The other rates are set according to [9]. Namely: \( s_1 = 1.19, s_2 = s_{10} = 1.4, s_4 = 1.2, \) and \( s_{16} = 1.98. \)

3. Overview of the CUDA Technology

The Compute Unified Device Architecture (CUDA) is nowadays leading technology for general purpose computations on GPUs. Initiated in late 2007 by the nVidia company, CUDA defines both a programming model and general hardware specifications. CUDA capable GPUs consist in a set of streaming multiprocessors (SM), each containing several scalar processors (SP) as outlined in fig. 2. The SPs within a SM follow a single-instruction multiple-data (SIMD) execution scheme. Yet, SMs are not globally synchronised, thus the overall execution scheme may be described as single-instruction multiple-thread (SIMT).

CUDA computing devices show a complex memory hierarchy. The main storage consists in a rather large off-chip device memory. This memory is not cached except for specific read-only data (i.e. constants and textures); hence it suffers of high latency which has to be properly hidden. Each SM provides its SPs with non-addressable registers and some addressable shared memory which allows inter-SP communication.

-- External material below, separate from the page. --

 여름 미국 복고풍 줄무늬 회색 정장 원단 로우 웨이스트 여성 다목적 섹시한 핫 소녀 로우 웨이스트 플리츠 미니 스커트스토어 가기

The CUDA programming language is an extension to C/C++ (with some restrictions). A CUDA program basically consists in CPU code and (at least) one kernel, i.e. a void returning function to be executed by the GPU. Kernels are executed in several threads with private local variables. Threads are grouped in identical blocks which may have up to three dimensions. During execution, a block cannot be partitioned and therefore must fit into a single SM. Nonetheless, a SM may execute several blocks concurrently. Threads within a block may be synchronised and have access to a shared memory space. Yet, no protection mechanism, e.g. mutexes, is available: it is up to the programmer to manage this aspect.

Blocks are grouped into a one or two-dimensional execution grid, specified at launch time. Blocks are executed asynchronously and there is no efficient dedicated mechanism to ensure global synchronisation. All threads within a grid have access to a global memory space which is hosted in the device memory and is persistent along the application life cycle. Global synchronisation is therefore achieved by performing multiple kernel launches.

![CUDA hardware](image)

Figure 2: CUDA hardware

![CUDA programming model](image)

Figure 3: CUDA programming model

4. GPU Implementation Guidelines

From an algorithmic point of view, the LBM breaks into two elementary steps: collision in which the collision operator is applied to the particle distribution, and propagation in which updated particle populations are propagated to the neighbouring nodes. Equation 4 may therefore be split in:

\[
\tilde{f}_i(x, t) = M^{-1} \left( m_i(x, t) \right) - S \left[ m_i(x, t) - m_i^{eq}(x, t) \right] \quad (15)
\]

\[
\tilde{f}_i(x + \delta \xi_i, t + \delta t) = \tilde{f}_i(x, t) \quad (16)
\]
where eq. 15 describes the collision step and eq. 16 the propagation step. Thus, the LBM described in sec. 2, may be summarised by the following pseudo-code:

1. for each time step \( t \) do
2. for each lattice node \( x \) do
3. read velocity distribution \( f_i(x, t) \)
4. if node \( x \) is on boundaries then
5. apply boundary conditions
6. end if
7. compute moments \( m_i(x, t) \)
8. compute equilibrium values \( m_i^{eq}(x, t) \)
9. compute updated distribution \( \tilde{f}_i(x, t) \)
10. propagate to neighboring nodes \( x + \delta \xi_i \)
11. end for
12. end for

The most convenient approach to take advantage of the massive parallelism of GPUs is to assign one thread to each node. Threads within a block are executed in groups of 32 threads named warps.\(^1\) Global memory transactions are issued by half-warp. Best performance is achieved when these operations may be coalesced into single transactions of 32 B, 64 B, or 128 B. Yet, segment transactions face the important restriction that the segment’s offset has to be a multiple of its size.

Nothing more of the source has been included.